(Excerpts from a dataset)
----------
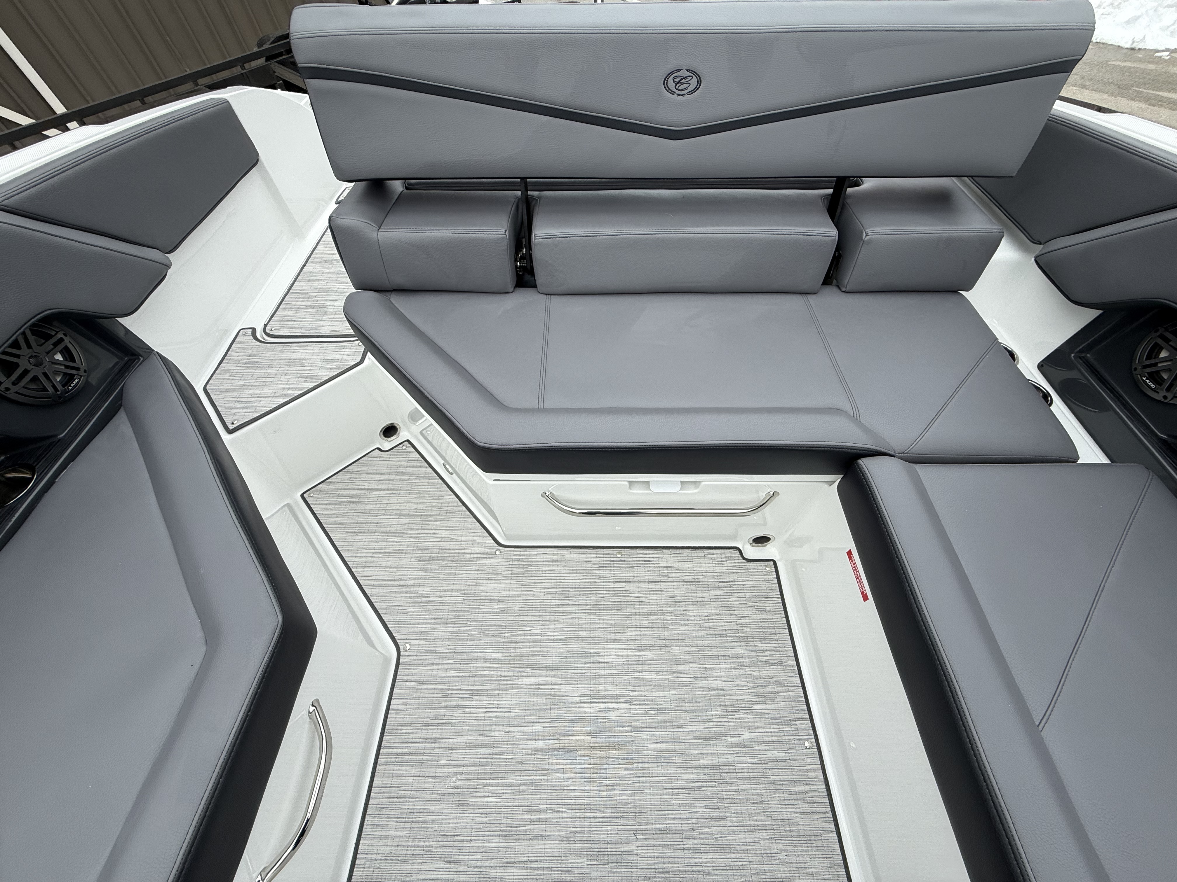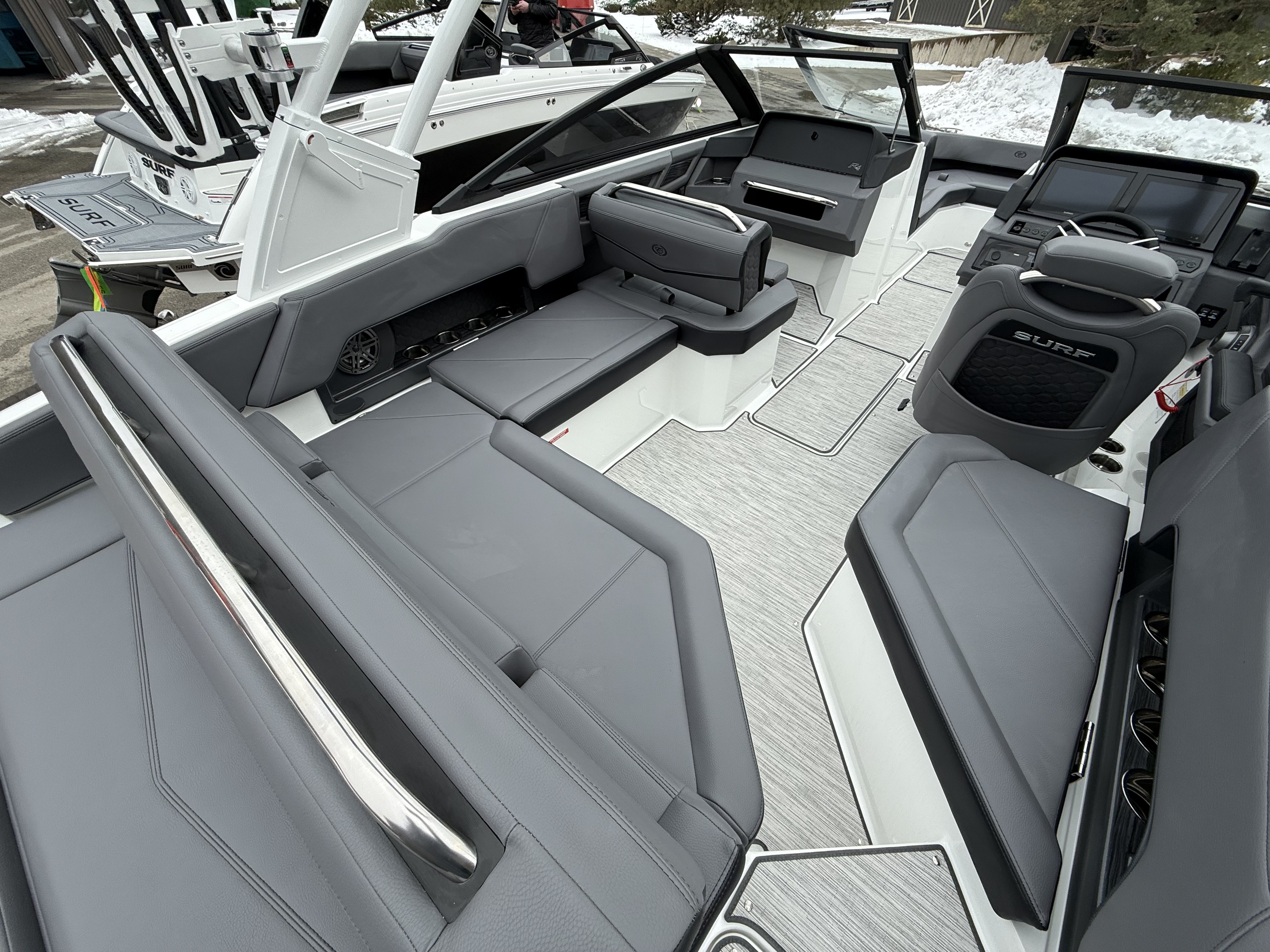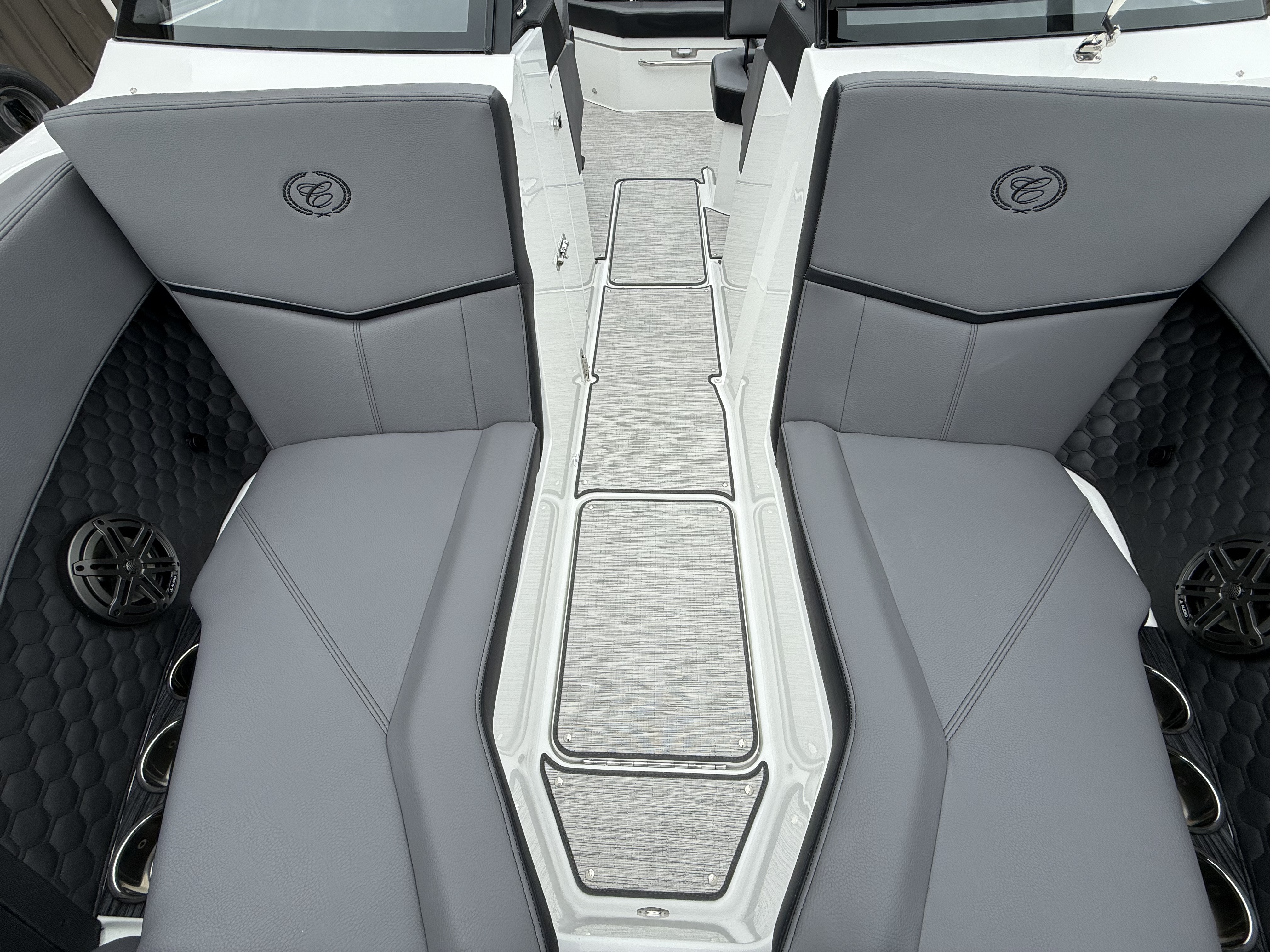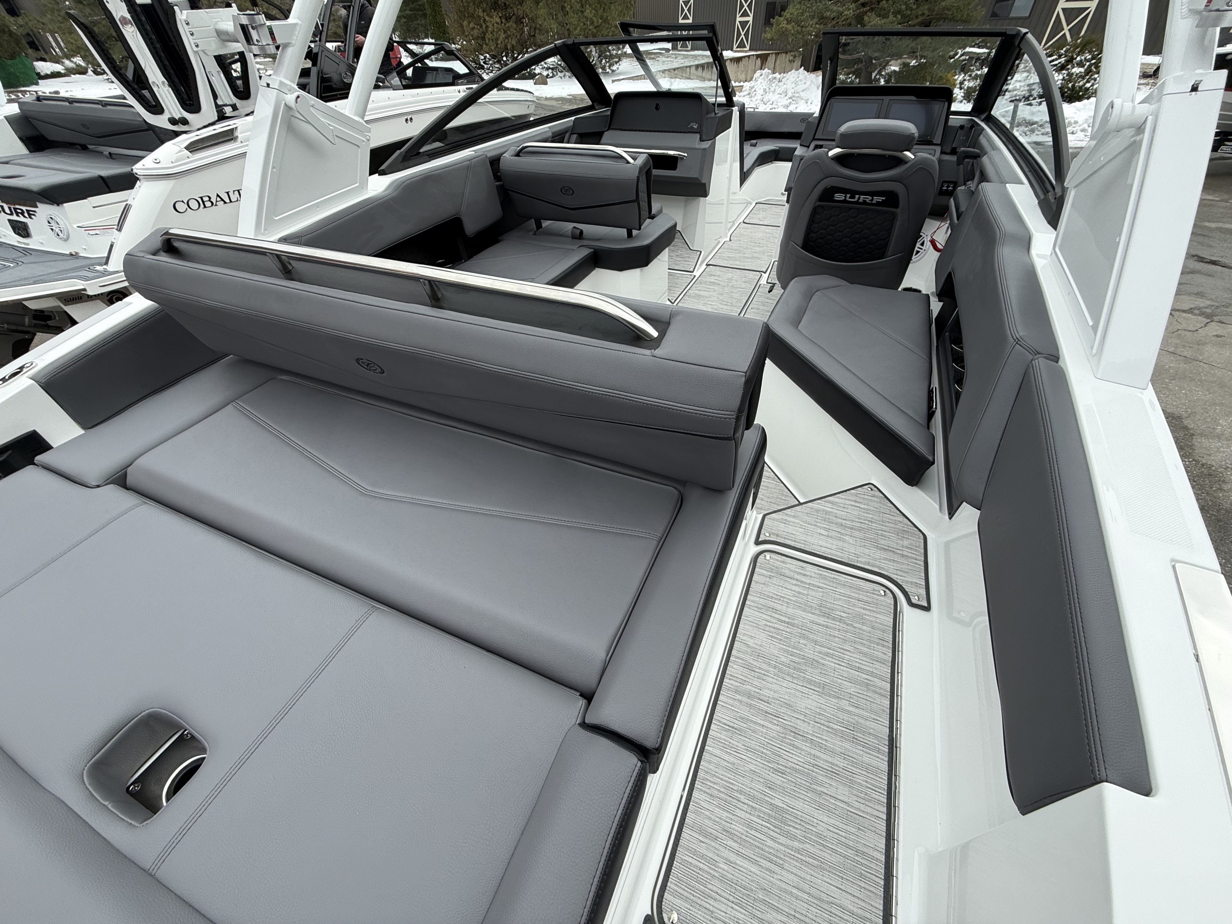 Power comes from a forward-facing Volvo V8 300HP engine, engineered specifically for surf performance and smooth handling. Combined with Cobalt’s advanced surf system and precision trim tabs, the R4 Surf creates clean, customizable waves with remarkable consistency — perfect for beginners learning their first ride or experienced surfers chasing the ideal endless set.
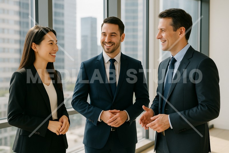 オフィスで立ち話中のビジネスパーソンたち。和やかな印象で笑顔。
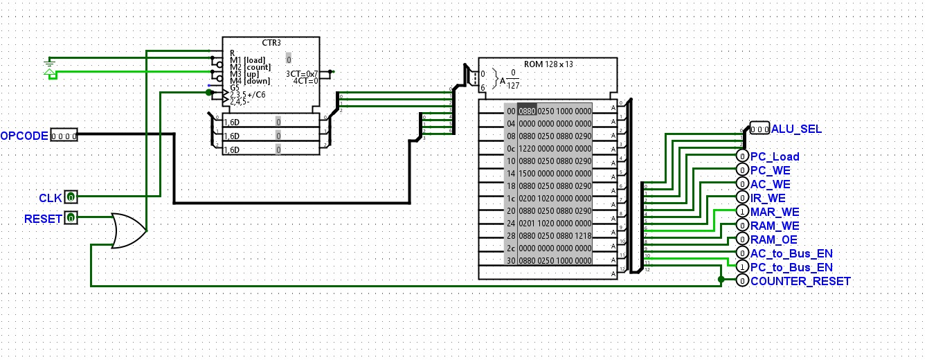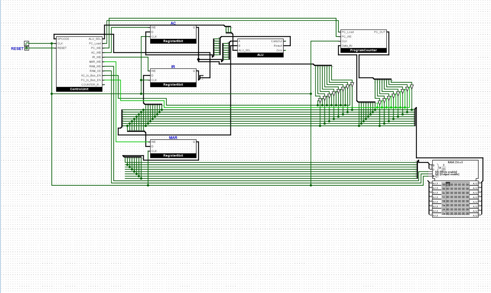 The complete system combines the control logic, arithmetic unit, and register modules. A common 8-bit data bus interconnects all subsystems, enabling seamless transfer of instructions and data between memory, the ALU, and registers.
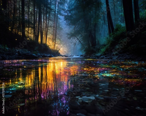 © Muhammad, Fototapeta premium Enchanted Forest River with Colorful Glowing Lights at Night
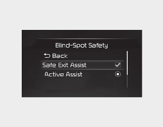 With the engine on, select 'Driver Assistance → Blind-Spot Safety → Safe Exit Assist (SEA) (or SEA (Safe Exit Assist)' from the Settings menu to turn on Safe Exit Assist and deselect to turn off the function.
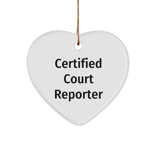 Certified Court Reporter Funny Quote Heart Ornament Gifts for Men, Women, or Coworkers from Family, 2.75'' Tall, 0.5 oz, MDF and High-Gloss Plastic, Vibrant Sublimation Print, Perfect for Christmas
----------
• **Task details**
Pictures aside, reproduce all of the data exactly.

• **Output for this task**
 Power comes from a forward-facing Volvo V8 300HP engine, engineered specifically for surf performance and smooth handling. Combined with Cobalt’s advanced surf system and precision trim tabs, the R4 Surf creates clean, customizable waves with remarkable consistency — perfect for beginners learning their first ride or experienced surfers chasing the ideal endless set.
 オフィスで立ち話中のビジネスパーソンたち。和やかな印象で笑顔。
 The complete system combines the control logic, arithmetic unit, and register modules. A common 8-bit data bus interconnects all subsystems, enabling seamless transfer of instructions and data between memory, the ALU, and registers.
 © Muhammad, Fototapeta premium Enchanted Forest River with Colorful Glowing Lights at Night
 With the engine on, select 'Driver Assistance → Blind-Spot Safety → Safe Exit Assist (SEA) (or SEA (Safe Exit Assist)' from the Settings menu to turn on Safe Exit Assist and deselect to turn off the function.
 Certified Court Reporter Funny Quote Heart Ornament Gifts for Men, Women, or Coworkers from Family, 2.75'' Tall, 0.5 oz, MDF and High-Gloss Plastic, Vibrant Sublimation Print, Perfect for Christmas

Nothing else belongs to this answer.